DATASET START

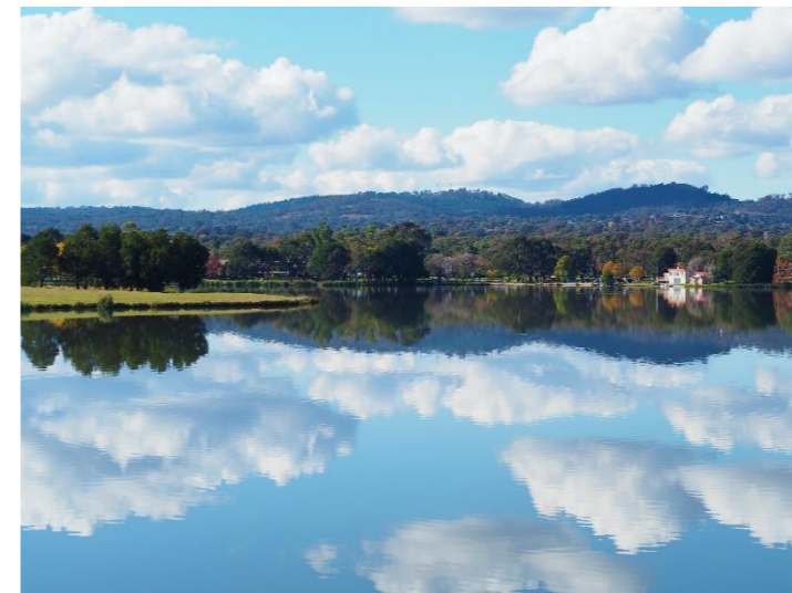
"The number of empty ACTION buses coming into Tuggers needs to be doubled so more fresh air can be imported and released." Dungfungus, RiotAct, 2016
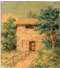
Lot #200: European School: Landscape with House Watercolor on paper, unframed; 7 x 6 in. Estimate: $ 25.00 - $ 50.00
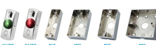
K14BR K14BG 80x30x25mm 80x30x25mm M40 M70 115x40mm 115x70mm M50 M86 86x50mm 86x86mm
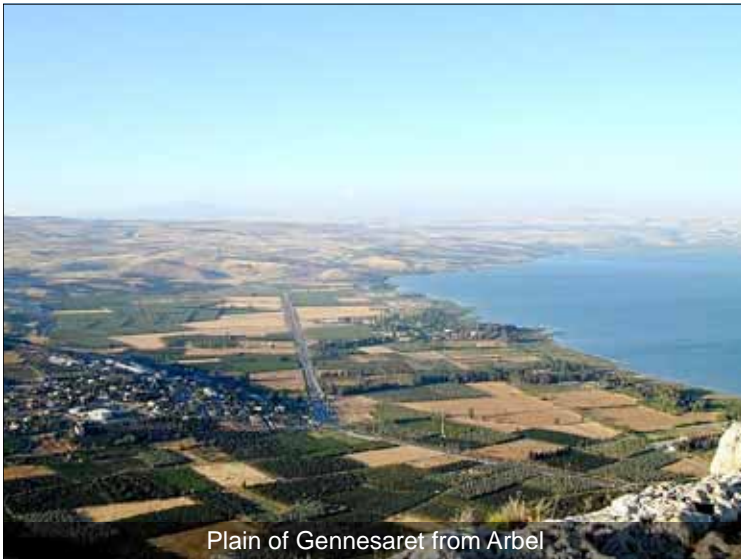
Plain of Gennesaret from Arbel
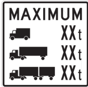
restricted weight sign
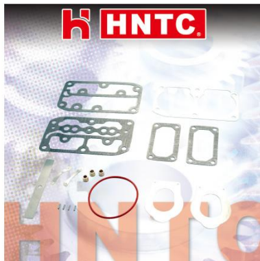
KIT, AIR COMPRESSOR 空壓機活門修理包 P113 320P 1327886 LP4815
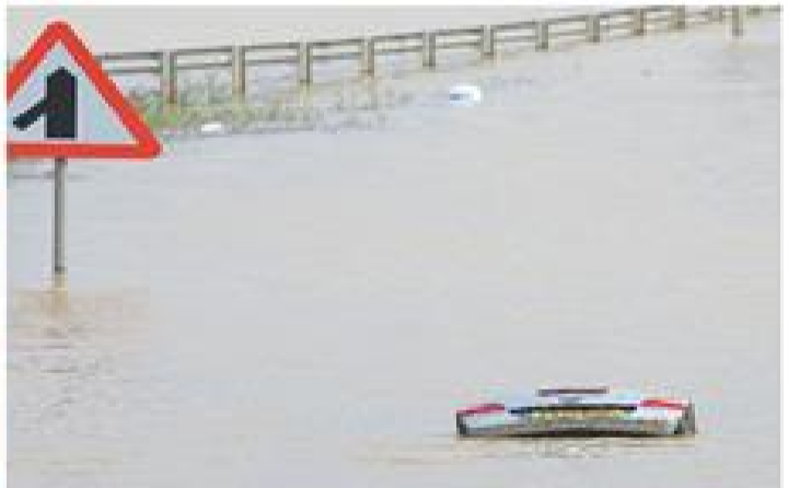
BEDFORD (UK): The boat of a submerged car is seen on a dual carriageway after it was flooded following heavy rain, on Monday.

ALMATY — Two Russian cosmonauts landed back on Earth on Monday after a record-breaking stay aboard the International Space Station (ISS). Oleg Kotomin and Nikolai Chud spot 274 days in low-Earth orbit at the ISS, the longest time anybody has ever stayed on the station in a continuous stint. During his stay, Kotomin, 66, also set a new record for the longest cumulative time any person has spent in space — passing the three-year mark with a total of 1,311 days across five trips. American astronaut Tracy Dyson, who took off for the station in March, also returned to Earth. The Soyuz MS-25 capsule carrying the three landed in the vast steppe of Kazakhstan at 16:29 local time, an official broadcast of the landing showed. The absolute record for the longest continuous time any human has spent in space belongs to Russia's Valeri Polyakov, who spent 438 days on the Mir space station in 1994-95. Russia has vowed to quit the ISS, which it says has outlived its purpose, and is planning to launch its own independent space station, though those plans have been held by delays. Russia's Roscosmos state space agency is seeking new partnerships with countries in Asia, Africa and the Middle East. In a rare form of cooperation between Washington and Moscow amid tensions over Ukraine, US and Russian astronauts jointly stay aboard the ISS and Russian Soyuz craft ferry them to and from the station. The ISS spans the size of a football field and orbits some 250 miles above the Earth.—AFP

DATASET END

### [HOW TO COMPLETE THIS TASK]
Images must not appear; print each record precisely as it reads.

### [WRITTEN ANSWER]
"The number of empty ACTION buses coming into Tuggers needs to be doubled so more fresh air can be imported and released." Dungfungus, RiotAct, 2016
Lot #200: European School: Landscape with House Watercolor on paper, unframed; 7 x 6 in. Estimate: $ 25.00 - $ 50.00
K14BR K14BG 80x30x25mm 80x30x25mm M40 M70 115x40mm 115x70mm M50 M86 86x50mm 86x86mm
Plain of Gennesaret from Arbel
restricted weight sign
KIT, AIR COMPRESSOR 空壓機活門修理包 P113 320P 1327886 LP4815
BEDFORD (UK): The boat of a submerged car is seen on a dual carriageway after it was flooded following heavy rain, on Monday.

ALMATY — Two Russian cosmonauts landed back on Earth on Monday after a record-breaking stay aboard the International Space Station (ISS). Oleg Kotomin and Nikolai Chud spot 274 days in low-Earth orbit at the ISS, the longest time anybody has ever stayed on the station in a continuous stint. During his stay, Kotomin, 66, also set a new record for the longest cumulative time any person has spent in space — passing the three-year mark with a total of 1,311 days across five trips. American astronaut Tracy Dyson, who took off for the station in March, also returned to Earth. The Soyuz MS-25 capsule carrying the three landed in the vast steppe of Kazakhstan at 16:29 local time, an official broadcast of the landing showed. The absolute record for the longest continuous time any human has spent in space belongs to Russia's Valeri Polyakov, who spent 438 days on the Mir space station in 1994-95. Russia has vowed to quit the ISS, which it says has outlived its purpose, and is planning to launch its own independent space station, though those plans have been held by delays. Russia's Roscosmos state space agency is seeking new partnerships with countries in Asia, Africa and the Middle East. In a rare form of cooperation between Washington and Moscow amid tensions over Ukraine, US and Russian astronauts jointly stay aboard the ISS and Russian Soyuz craft ferry them to and from the station. The ISS spans the size of a football field and orbits some 250 miles above the Earth.—AFP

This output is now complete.